[[ AVAILABLE DATA, beginning ]]
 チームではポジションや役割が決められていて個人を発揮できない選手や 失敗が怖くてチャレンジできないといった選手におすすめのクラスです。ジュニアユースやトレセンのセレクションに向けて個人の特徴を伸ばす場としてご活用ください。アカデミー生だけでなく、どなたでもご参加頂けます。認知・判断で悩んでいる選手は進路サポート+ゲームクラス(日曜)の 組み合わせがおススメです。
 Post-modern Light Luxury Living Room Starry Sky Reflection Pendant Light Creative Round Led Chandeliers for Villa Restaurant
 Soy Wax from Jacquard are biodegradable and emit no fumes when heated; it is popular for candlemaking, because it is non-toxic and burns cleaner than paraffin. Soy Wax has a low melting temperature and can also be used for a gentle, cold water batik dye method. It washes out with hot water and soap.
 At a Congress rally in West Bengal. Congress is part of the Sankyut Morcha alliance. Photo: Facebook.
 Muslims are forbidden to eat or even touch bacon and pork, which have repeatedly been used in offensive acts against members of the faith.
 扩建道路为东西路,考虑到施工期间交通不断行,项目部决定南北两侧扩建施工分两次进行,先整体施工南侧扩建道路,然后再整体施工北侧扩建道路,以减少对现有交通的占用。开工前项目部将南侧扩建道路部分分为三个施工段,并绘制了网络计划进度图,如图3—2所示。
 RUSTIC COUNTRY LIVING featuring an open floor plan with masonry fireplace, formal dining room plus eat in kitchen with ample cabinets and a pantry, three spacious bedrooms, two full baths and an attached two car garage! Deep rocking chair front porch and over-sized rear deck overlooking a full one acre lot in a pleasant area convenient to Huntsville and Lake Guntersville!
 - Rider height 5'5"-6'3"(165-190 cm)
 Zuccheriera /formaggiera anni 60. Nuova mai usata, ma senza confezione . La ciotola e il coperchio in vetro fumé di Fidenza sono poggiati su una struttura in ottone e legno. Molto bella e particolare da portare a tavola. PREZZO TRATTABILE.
[[ AVAILABLE DATA, end ]]
[[ AVAILABLE DATA, beginning ]]
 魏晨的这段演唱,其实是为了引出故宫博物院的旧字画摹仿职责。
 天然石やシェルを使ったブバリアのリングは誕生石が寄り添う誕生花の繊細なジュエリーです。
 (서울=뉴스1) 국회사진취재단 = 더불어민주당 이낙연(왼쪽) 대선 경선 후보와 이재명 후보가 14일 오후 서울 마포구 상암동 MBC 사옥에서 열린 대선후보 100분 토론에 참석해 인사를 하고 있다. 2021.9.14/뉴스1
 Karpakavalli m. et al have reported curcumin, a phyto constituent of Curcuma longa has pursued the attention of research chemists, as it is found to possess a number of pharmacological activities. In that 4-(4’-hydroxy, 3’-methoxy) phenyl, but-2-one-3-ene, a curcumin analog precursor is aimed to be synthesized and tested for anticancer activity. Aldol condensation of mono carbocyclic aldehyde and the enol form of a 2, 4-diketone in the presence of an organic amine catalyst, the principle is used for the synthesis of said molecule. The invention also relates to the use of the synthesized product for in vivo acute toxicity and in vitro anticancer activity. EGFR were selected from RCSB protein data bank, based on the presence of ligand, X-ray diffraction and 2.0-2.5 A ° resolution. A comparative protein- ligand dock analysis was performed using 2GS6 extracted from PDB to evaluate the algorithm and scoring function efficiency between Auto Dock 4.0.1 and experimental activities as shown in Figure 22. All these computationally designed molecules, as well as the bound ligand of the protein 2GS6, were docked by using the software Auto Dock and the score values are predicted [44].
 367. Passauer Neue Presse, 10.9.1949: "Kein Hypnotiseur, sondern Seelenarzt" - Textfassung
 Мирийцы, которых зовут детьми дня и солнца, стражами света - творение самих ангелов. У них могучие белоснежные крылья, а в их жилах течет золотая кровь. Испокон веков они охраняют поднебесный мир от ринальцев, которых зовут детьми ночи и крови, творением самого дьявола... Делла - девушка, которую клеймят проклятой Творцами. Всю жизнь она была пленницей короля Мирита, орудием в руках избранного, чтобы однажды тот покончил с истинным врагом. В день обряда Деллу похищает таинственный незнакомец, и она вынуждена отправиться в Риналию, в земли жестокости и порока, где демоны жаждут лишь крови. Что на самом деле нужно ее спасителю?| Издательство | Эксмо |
[[ AVAILABLE DATA, end ]]
[[ AVAILABLE DATA, beginning ]]
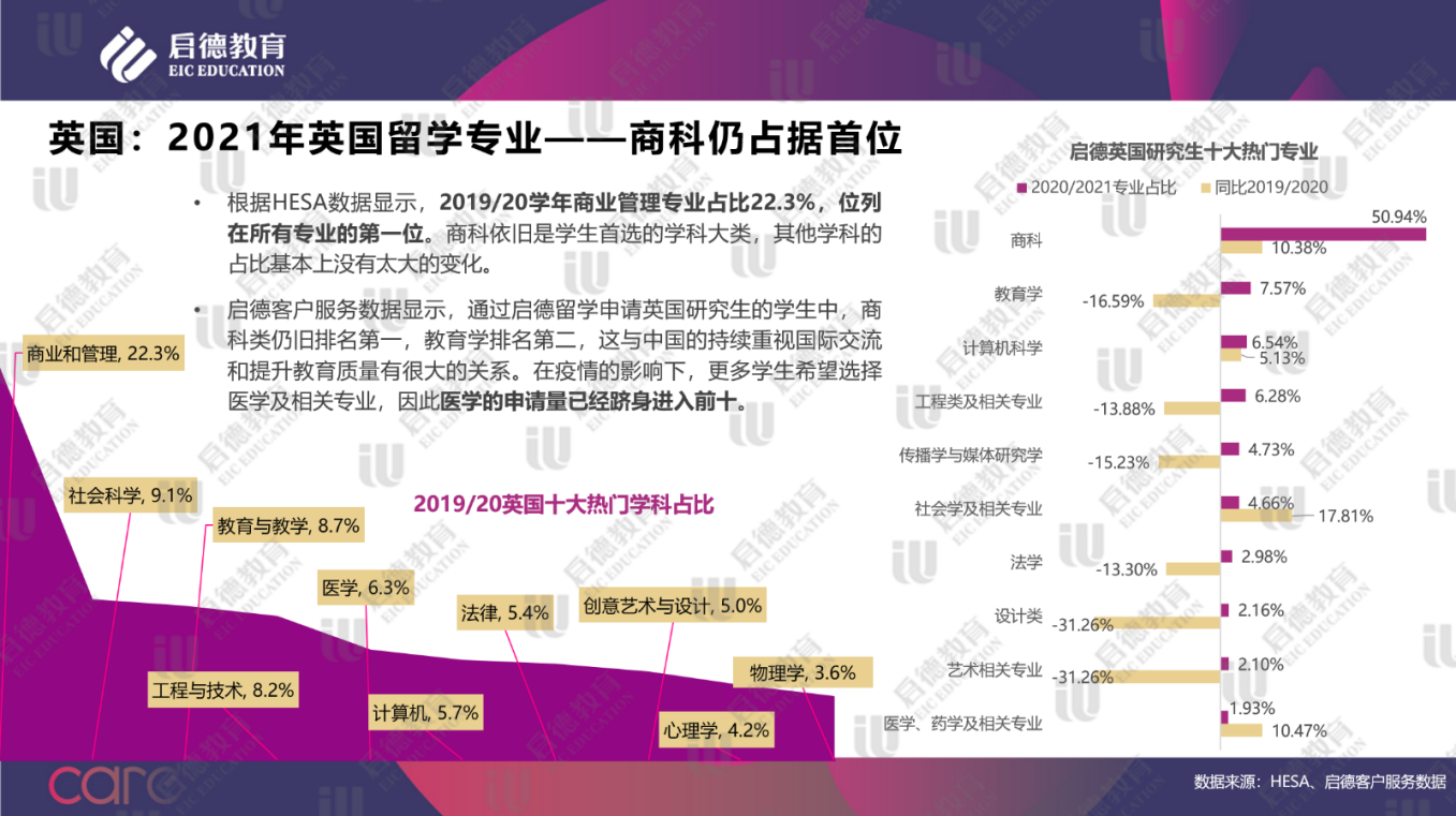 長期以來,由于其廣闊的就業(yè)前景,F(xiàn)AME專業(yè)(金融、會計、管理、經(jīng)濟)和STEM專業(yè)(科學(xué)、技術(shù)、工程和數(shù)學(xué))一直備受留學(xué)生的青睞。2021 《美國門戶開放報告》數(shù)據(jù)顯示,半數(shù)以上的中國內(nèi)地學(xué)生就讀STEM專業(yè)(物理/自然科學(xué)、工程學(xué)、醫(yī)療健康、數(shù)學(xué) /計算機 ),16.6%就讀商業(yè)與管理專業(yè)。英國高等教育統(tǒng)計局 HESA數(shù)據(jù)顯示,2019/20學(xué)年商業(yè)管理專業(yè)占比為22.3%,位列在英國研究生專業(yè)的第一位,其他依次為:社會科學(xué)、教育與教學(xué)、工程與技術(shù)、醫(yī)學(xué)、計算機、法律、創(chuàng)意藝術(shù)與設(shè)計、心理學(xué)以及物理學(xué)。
[[ AVAILABLE DATA, end ]]
▶ **AIM OF THE TASK**: An exact copy of the lines above between the line holding "魏晨的这段演唱,其实是为了引出故宫博物院的旧字画摹仿职责。" and the line holding "(서울=뉴스1) 국회사진취재단 = 더불어민주당", inclusive, is the whole answer.

▶ **REPLY TO THE TASK**:
 魏晨的这段演唱,其实是为了引出故宫博物院的旧字画摹仿职责。
 天然石やシェルを使ったブバリアのリングは誕生石が寄り添う誕生花の繊細なジュエリーです。
 (서울=뉴스1) 국회사진취재단 = 더불어민주당 이낙연(왼쪽) 대선 경선 후보와 이재명 후보가 14일 오후 서울 마포구 상암동 MBC 사옥에서 열린 대선후보 100분 토론에 참석해 인사를 하고 있다. 2021.9.14/뉴스1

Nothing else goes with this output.